━━ ENTRIES PROVIDED

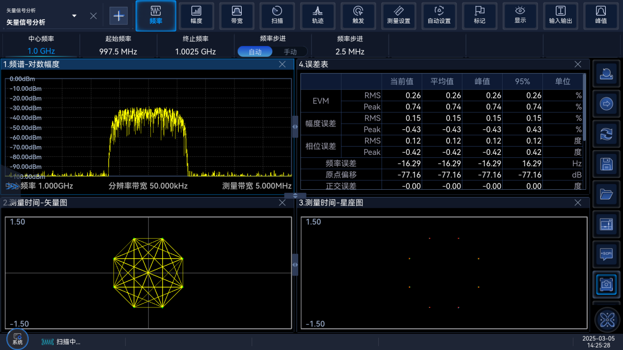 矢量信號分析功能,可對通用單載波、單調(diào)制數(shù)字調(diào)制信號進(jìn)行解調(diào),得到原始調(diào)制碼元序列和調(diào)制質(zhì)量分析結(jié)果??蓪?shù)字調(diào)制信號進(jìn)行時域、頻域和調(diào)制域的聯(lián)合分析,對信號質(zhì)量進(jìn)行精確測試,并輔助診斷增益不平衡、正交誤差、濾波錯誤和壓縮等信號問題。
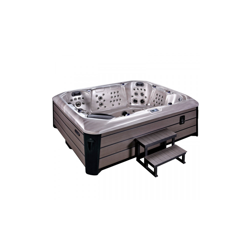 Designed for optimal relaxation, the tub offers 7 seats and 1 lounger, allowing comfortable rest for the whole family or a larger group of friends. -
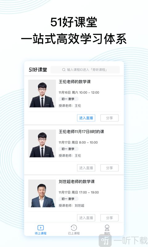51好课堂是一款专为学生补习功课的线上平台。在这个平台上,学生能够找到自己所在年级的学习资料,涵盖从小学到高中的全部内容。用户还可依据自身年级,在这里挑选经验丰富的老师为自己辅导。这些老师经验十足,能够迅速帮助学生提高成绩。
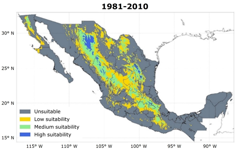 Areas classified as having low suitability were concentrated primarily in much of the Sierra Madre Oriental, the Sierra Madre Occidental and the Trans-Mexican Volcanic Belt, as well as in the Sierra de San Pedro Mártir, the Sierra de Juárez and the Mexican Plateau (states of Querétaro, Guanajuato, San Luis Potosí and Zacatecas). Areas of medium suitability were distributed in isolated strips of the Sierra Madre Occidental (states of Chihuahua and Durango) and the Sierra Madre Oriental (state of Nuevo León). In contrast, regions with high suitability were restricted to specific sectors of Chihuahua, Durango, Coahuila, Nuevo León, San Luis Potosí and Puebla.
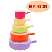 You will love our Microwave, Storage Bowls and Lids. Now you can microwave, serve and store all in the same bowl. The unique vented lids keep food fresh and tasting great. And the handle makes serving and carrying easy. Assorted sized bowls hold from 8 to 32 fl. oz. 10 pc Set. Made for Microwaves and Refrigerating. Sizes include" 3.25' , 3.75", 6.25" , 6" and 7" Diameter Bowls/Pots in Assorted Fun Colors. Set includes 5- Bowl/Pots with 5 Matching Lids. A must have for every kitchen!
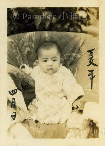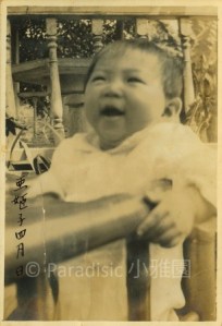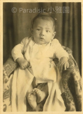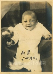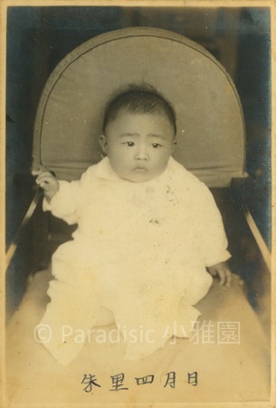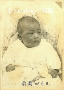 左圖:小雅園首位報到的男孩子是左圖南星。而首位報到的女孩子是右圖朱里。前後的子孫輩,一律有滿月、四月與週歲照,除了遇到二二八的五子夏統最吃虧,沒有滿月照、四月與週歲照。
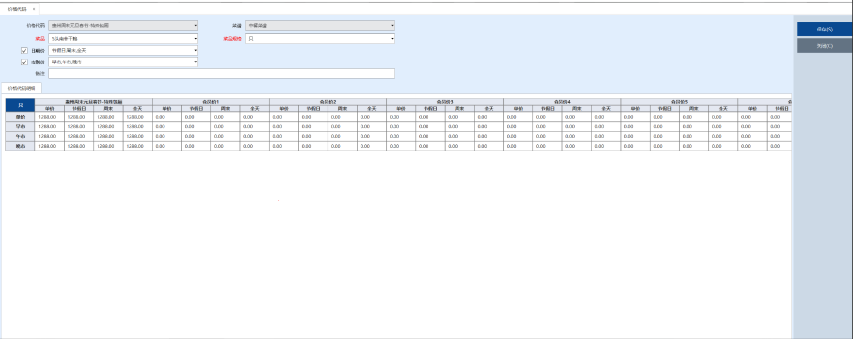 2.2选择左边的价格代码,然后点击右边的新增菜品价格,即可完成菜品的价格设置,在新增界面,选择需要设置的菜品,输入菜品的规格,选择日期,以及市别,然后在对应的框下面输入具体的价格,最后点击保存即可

━━━━

- [EXERCISE PROMPT]:
Exactly as written, repeat the lines from the beginning of the entries up to and including the line with "51好课堂是一款专为学生补习", but not the pictures.

- [EXERCISE SOLUTION]:
 矢量信號分析功能,可對通用單載波、單調(diào)制數(shù)字調(diào)制信號進(jìn)行解調(diào),得到原始調(diào)制碼元序列和調(diào)制質(zhì)量分析結(jié)果??蓪?shù)字調(diào)制信號進(jìn)行時域、頻域和調(diào)制域的聯(lián)合分析,對信號質(zhì)量進(jìn)行精確測試,并輔助診斷增益不平衡、正交誤差、濾波錯誤和壓縮等信號問題。
 Designed for optimal relaxation, the tub offers 7 seats and 1 lounger, allowing comfortable rest for the whole family or a larger group of friends. -
51好课堂是一款专为学生补习功课的线上平台。在这个平台上,学生能够找到自己所在年级的学习资料,涵盖从小学到高中的全部内容。用户还可依据自身年级,在这里挑选经验丰富的老师为自己辅导。这些老师经验十足,能够迅速帮助学生提高成绩。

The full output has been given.